Tutorial 1B: Experimentally Measuring E. coli Growth

© 2018 Griffin Chure. This work is licensed under a Creative Commons Attribution License CC-BY 4.0. All code contained herein is licensed under an MIT license.


In [1]:
import numpy as np # For numerics
import glob # For parsing directories and files
import skimage.io # For basic image processing
import skimage.filters  
import matplotlib.pyplot as plt # For plotting
import seaborn as sns # For (nice) plotting
sns.set(style="darkgrid") # Gray background and white grid
sns.set_context('talk')

# For rendering inline graphics for Python 3.6 and below
%matplotlib inline

In this tutorial, we will analyze a movie of growing E. coli cells using some rudimentary image processing and will estimate a doubling time.

Using Microscopy to Measure Bacterial Growth

While we have jsut scraped the surface of growth in class, there is a seemingly endless reservoir of literature that explores the fascinating physiology of cellular growth. For a detailed summary, see this review by Suckjoon Jun and colleagues which gives both a historical accounting of bacterial growth physiology and a view of the future of the field.

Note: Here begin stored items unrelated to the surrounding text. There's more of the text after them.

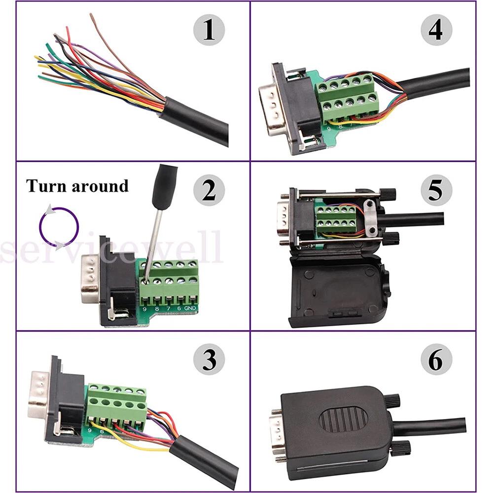 DB9 Connector RS232 Male Female D-SUB DB15 9 Pin 15Pin Plug RS485 Breakout Terminals 21/24 AWG Wire Solderless COM Connectors
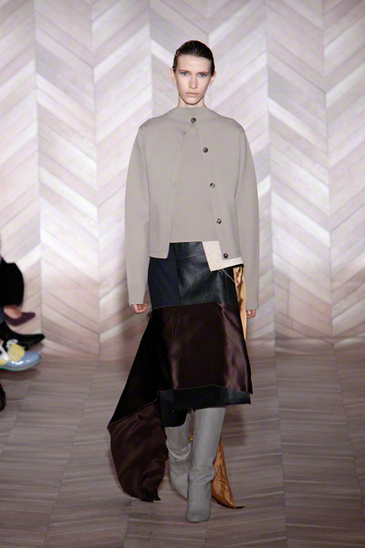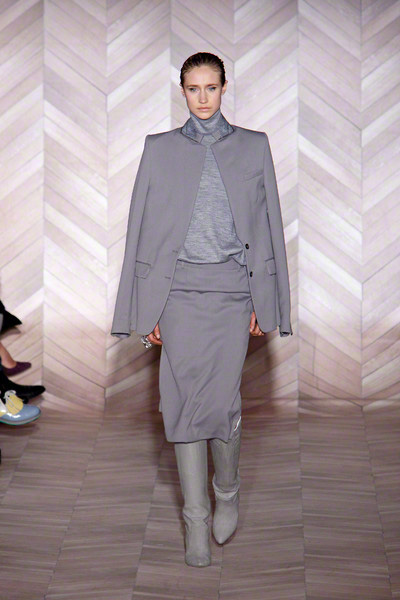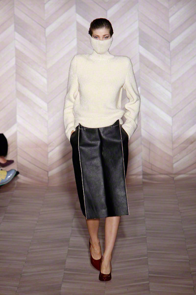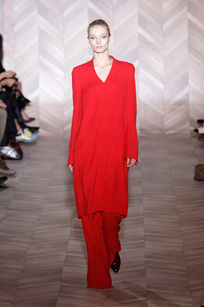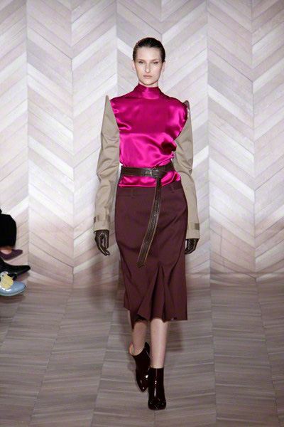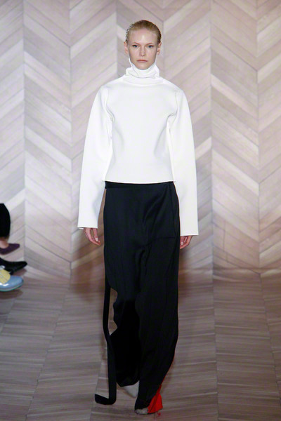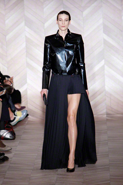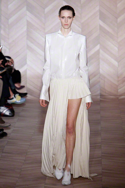 And just days after Angelina Jolie’s slit dress and thus her sexy bare leg at the Oscars were all over the news Maison Martin Margiela showed the same kind of sexiness. Pleated skirts which were short left and maxi on the right revealed the models’ amazing toned legs, wow. Matched with shiny, straight blouses they created the ultimate cool chic look.
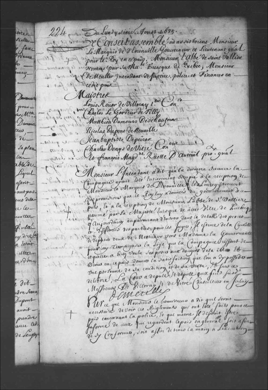 Transcription du texte avec orthographe modernisée : «Du lundi sixième août 1685. Le Conseil assemblé où assistaient Monsieur le marquis de Denonville gouverneur et lieutenant général pour le Roi en ce pays. Monsieur l'abbé de Saint-Vallier nommé par sa Majesté évêque de Québec; Monsieur DeMeulles intendant de justice, police et finances en ce dit pays. Maîtres. Louis Rouer de Villeray premier conseiller. Charles Legardeur de Tilly. Mathieu Damours Deschaufour. Nicolas Dupont de Neuville. Jean-Baptiste Depeiras. Charles Denys de Vitré conseillers. Et François Madeleine Ruette d'Auteuil procureur général. Monsieur l'intendant a dit qu'à la dernière séance la compagnie ayant été entièrement occupée à la réception de Monsieur le marquis de Denonville et à l'enregistrement des provisions que le Roi lui a données du gouvernement de ce pays, et à la réception de Monsieur l'abbé de Saint-Vallier nommé par sa Majesté évêque de cette ville de
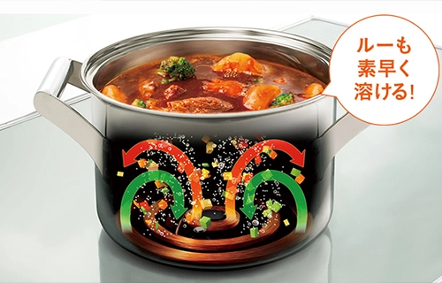 鍋底の内側・外側を交互に加熱することで、鍋の中に対流を起こして自然なかき混ぜ効果を発揮。強火でぐつぐつと煮込んでも焦げつきや煮くずれがしにくく、かき混ぜる手間も軽減します。調理時間が長い、煮込み料理も簡単です。
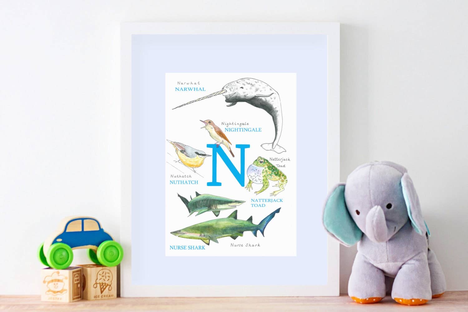 Nous sommes là pour vous aider à faire un excellent cadeau. Que ce soit pour les nouveaux parents, les enfants ou tous ceux qui aiment les animaux et la langue anglaise, de 0 à 99 ans. Parce qu'en remplissant leurs murs de véritables œuvres d'art, de vrais animaux, de mots, de chiffres, les supports pédagogiques stimulent la soif de connaissances en rendant l'apprentissage magnifique. Ce n'est pas simplement un cadeau... qui encourage un style de vie axé sur l'apprentissage... et cela n'a pas de prix. Chaque fois qu'ils le regarderont, ils penseront à vous et à l'amour que vous avez manifesté en achetant ce magnifique cadeau. Ce sera sur leurs murs pendant des années, pas à la fin d'un match nul. Bravo à vous !
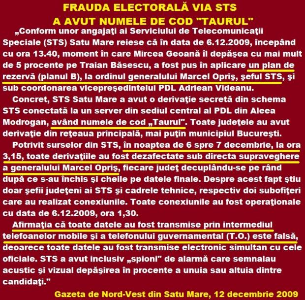 Jurnalistul Ovidiu Ohanesian publica, în 12 decembrie 2009 articolul intitulat „Frauda electorală via STS a avut numele de cod «Taurul»”.î
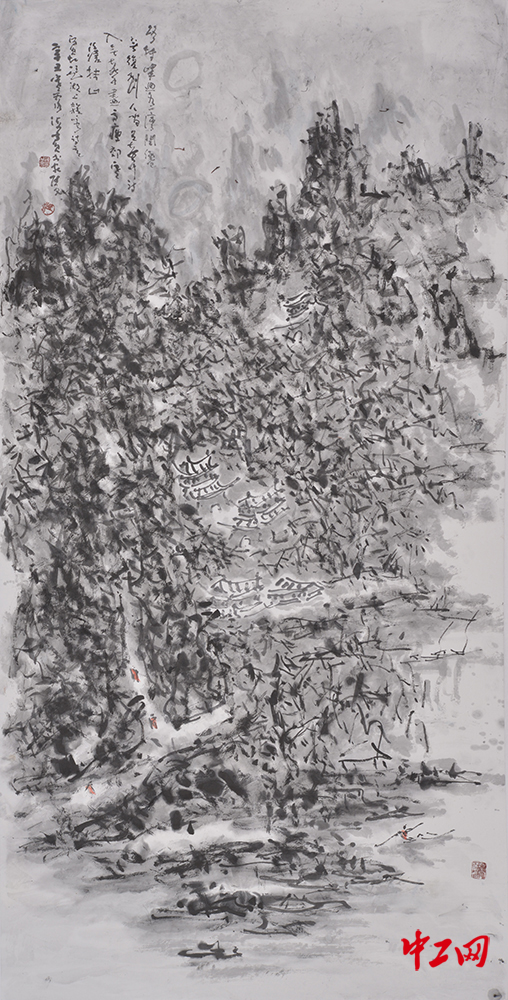 《无题4》(国画,68cm×138cm),作者江海滨,“冰雪情·冬奥梦”全国职工冰雪主题绘画活动优秀奖作品
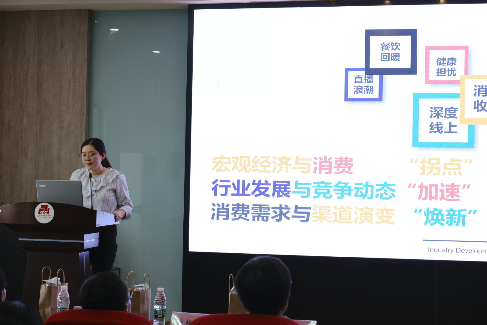 调味品俱乐部学术指导教师姜启兴为大赛致辞,他希望同学们能够通过比赛展示出创新元素、专业优势和学科风采。欣和公司研发部高级工程师勇倩倩分享了公司以及调味品行业的情况,他表示非常期待选手们的产品。本次决赛共有11支参赛队伍,经过参赛队伍答辩、综合评委及大众评审综合打分,酸酸木耳牛肉酱获一等奖,新疆米粉口味酱、《+1碗》获二等奖,枣有胜蒜、沙茶咕咕牛肉酱、就这香获三等奖。
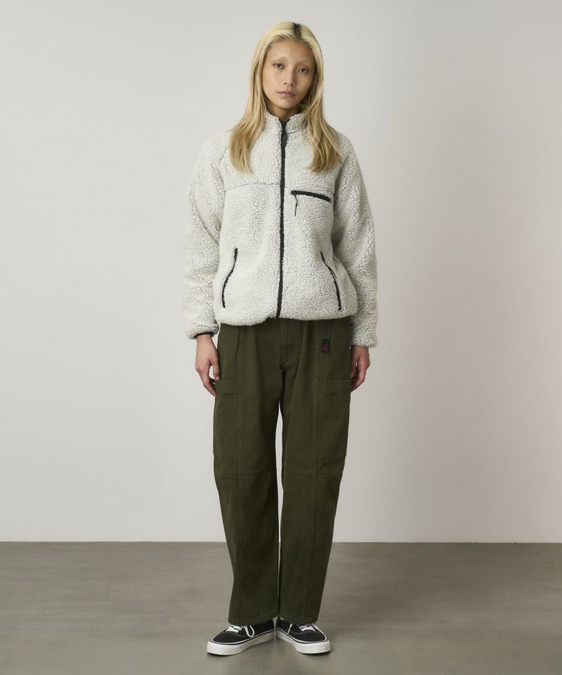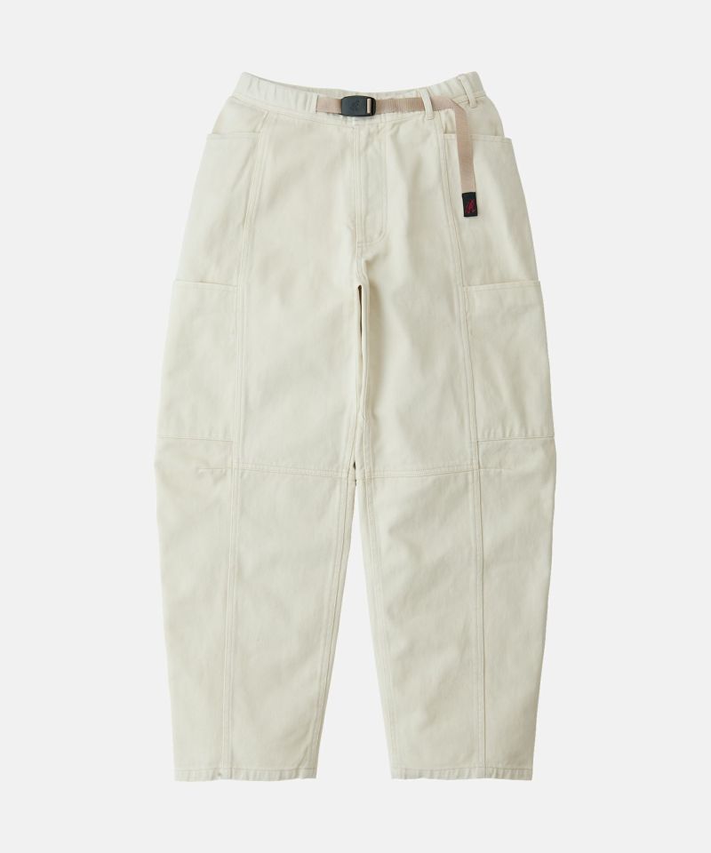 片手で調整できるウェビングベルトやイージーウェスト、180度の開脚を可能としたガセットクロッチなど、ブランドのルーツであるクライミングシーンにおける機能性を持つヴォヤジャーパンツ。前身頃から後身頃にかけての大きなポケットを4つ備えており、ゆとりのあるシルエットが特徴です。表面を微起毛した温かな肌触りのツイル素材を使用し、雰囲気のある表情に染め上げています。
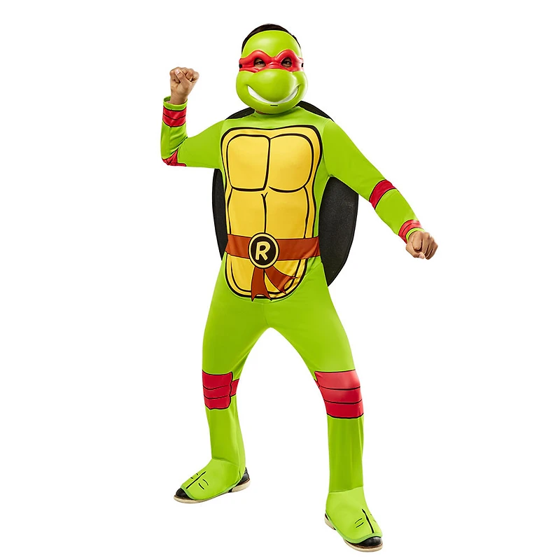 Your tyke will be looking fierce and powerful as ever this year when you get them all dressed up in our Teenage Mutant Ninja Turtles Boys Raphael Costume. With this set, you will receive everything your child needs to become their favorite rage-filled turtle who knows a thing or two about slaying foes. Featuring a green ninja turtle printed jumpsuit with attached boot covers, as well as a 2D turtle shell and a red eye mask, your kid is going to be feeling cool as ever while sporting this killer look.
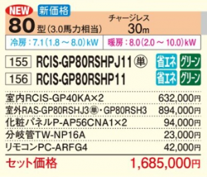 日立 省エネの達人 1方向天井カセット形 <ツイン> P80形 (RCIS-GP80RSHPJ11/RCIS-GP80RSHP11)
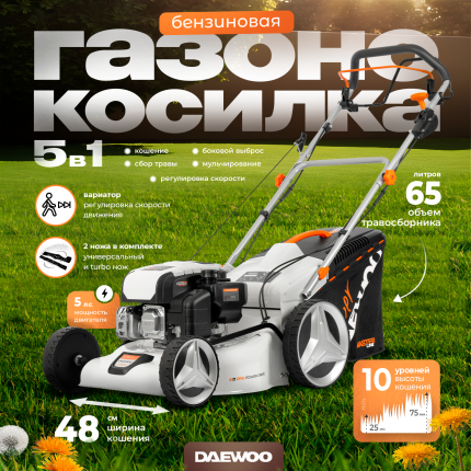 Самоходная бензиновая газонокосилка Daewoo DLM 50SP 5 л.с. является надежной техникой для загородного участка с расширенными функциями:;
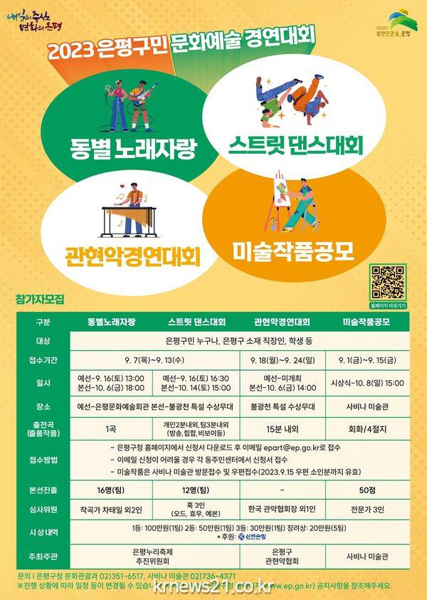 대회는 ▲동별 노래자랑 ▲스트릿 댄스 대회 ▲관현악 경연대회 ▲미술작품 공모전 등 4개 분야에서 치러진다. 불광천 특설 수상 무대에서 본선을 개최하며, 미술작품공모전은 사비나미술관에서 진행한다.
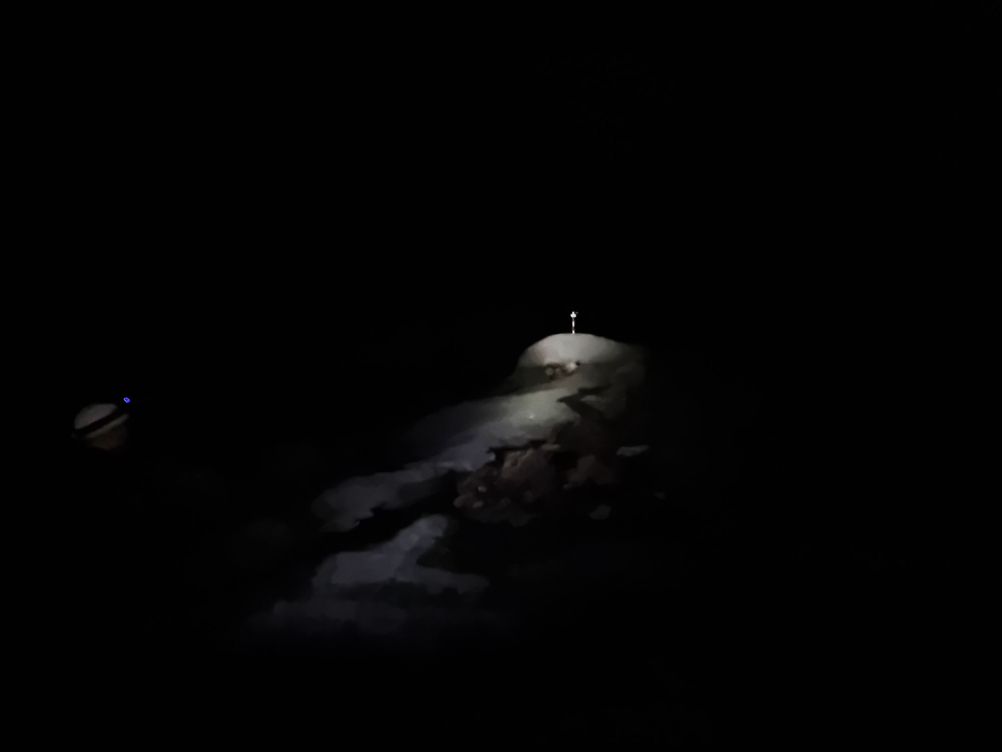 Da turen startet var det allerede mørkt. Heldigvis ikke i hodet. Det er umulig med Øystein som lavterskel turkamerat. Han har tråkket de fleste stier i Kristiansand og kunnskapsrik så det holder. Det var smått om folk på tur denne kvelden. Kanskje ikke så rart. Det er jo godt for oss introverte folkesky mørkemenn at ikke alle har hodelyktfetisj på CVn. Turen gikk over Kalkheia og Reddalsheia før vi svingte inn på den ytre stien opp mot Den Omvendte Båt.
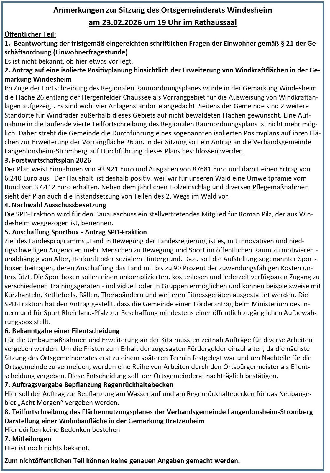 Anmerkungen zur Sitzung des Ortsgemeinderats Windesheim am 06.10.2025 um 19 Uhr im Rathaussaal
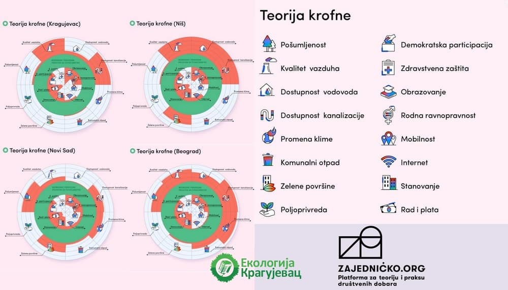 У циљу промене парадигме и увођења нових начина мерења одрживости тим истраживача из Платформе Заједничко израдио је моделе крофна економије за Београд, Нови Сад, Ниш и Крагујевац. Резултати указују да четири највећа града у Србији у многим индикаторима животне средине излазе ван оквира прихватљивих граница, док истовремено не задовољавају све социјалне и економске потребе својих становника. Пратећи резултате модела можемо видети на које аспекте развоја града је потребно усмерити пажњу доносиоца одлука.
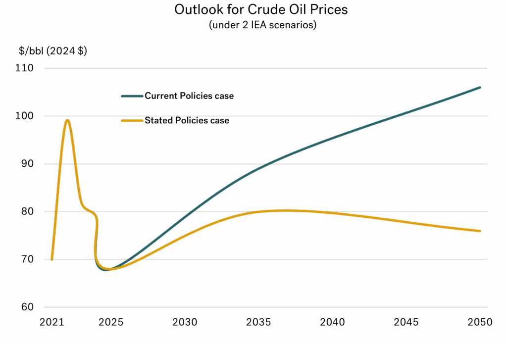 The ‘Net Zero by 2050’ scenario is also one used previously. This is a theoretical case and shows a pathway that would achieve net zero CO2 emissions by 2050. We have not shown this case in the following analysis.
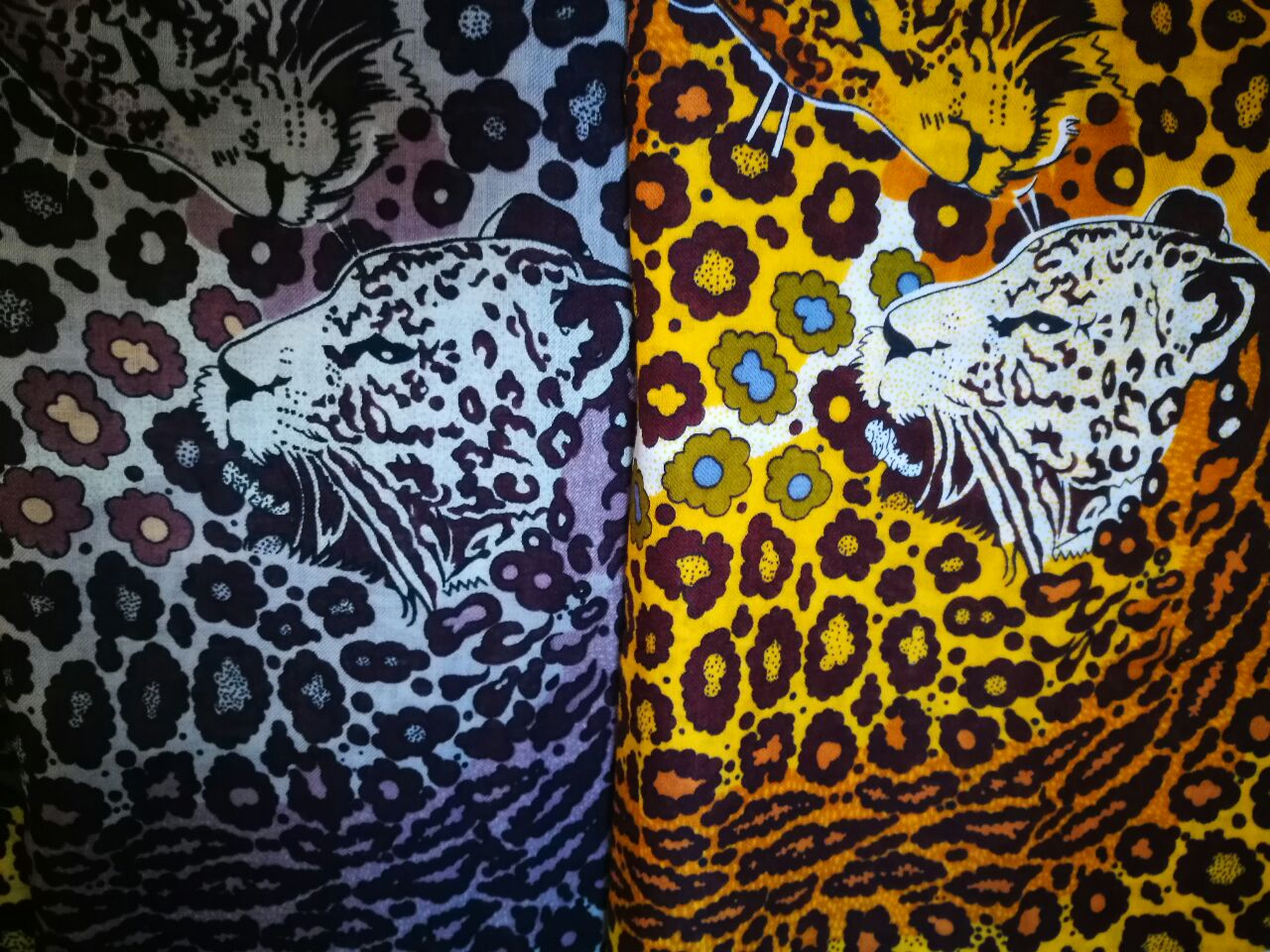 На верхнем снимке желтые леопарды старый выпуск с бахромой в три ряда клетками, на нижнем снимке желтые леопарды последних выпусков, бахрома простая шерстяная, пятнышки в рисунке отличаются.

As discussed in class and examined numerically in tutorial 1A, the early growth phase of a bacterial culture can be stated mathematically as

$$ N(t) = N_0 e^{rt}, \tag{1} $$

where $N(t)$ is the number of cells at time $t$, $N_0$ is the initial number of cells and $r$ is the growth rate in dimensions of time. Experimentally, it's difficult to count the number of cells in a culture, but easy to measure other properites. In spectrophotometry, we measure the absorbance of a culture at a given wavelenght, most commonly 600 nm. We could then rephrase Eq. 1 in terms of absorbance as

$$ \text{Abs}(t) = \text{Abs}_0 e^{rt}, \tag{2} $$

where $\text{Abs}_0$ is the the intial absorbance of the culture at time $t=0$. The point of this discussion is that there are many ways we can keep track of growth and estimate a growth rate in a manner that is easier than counting the number of cells.

In this tutorial, we will use a movie of E. coli cells growing on a hard agar subtstrate at 100x magnification. While we could in principle count the number of cells by hand, we will determine the total area of bacteria in each image, from a movie much like this one:

Some Basic Image Processing

While we often think of images as a colorful photograph, it is important to remembrer that at its core, a digital image is nothing but data. An image is a matrix of numbers upon which we can deploy mathematical operations. Before we begin, make sure you have downloaded the data set, unzipped it, and placed it in your root data folder.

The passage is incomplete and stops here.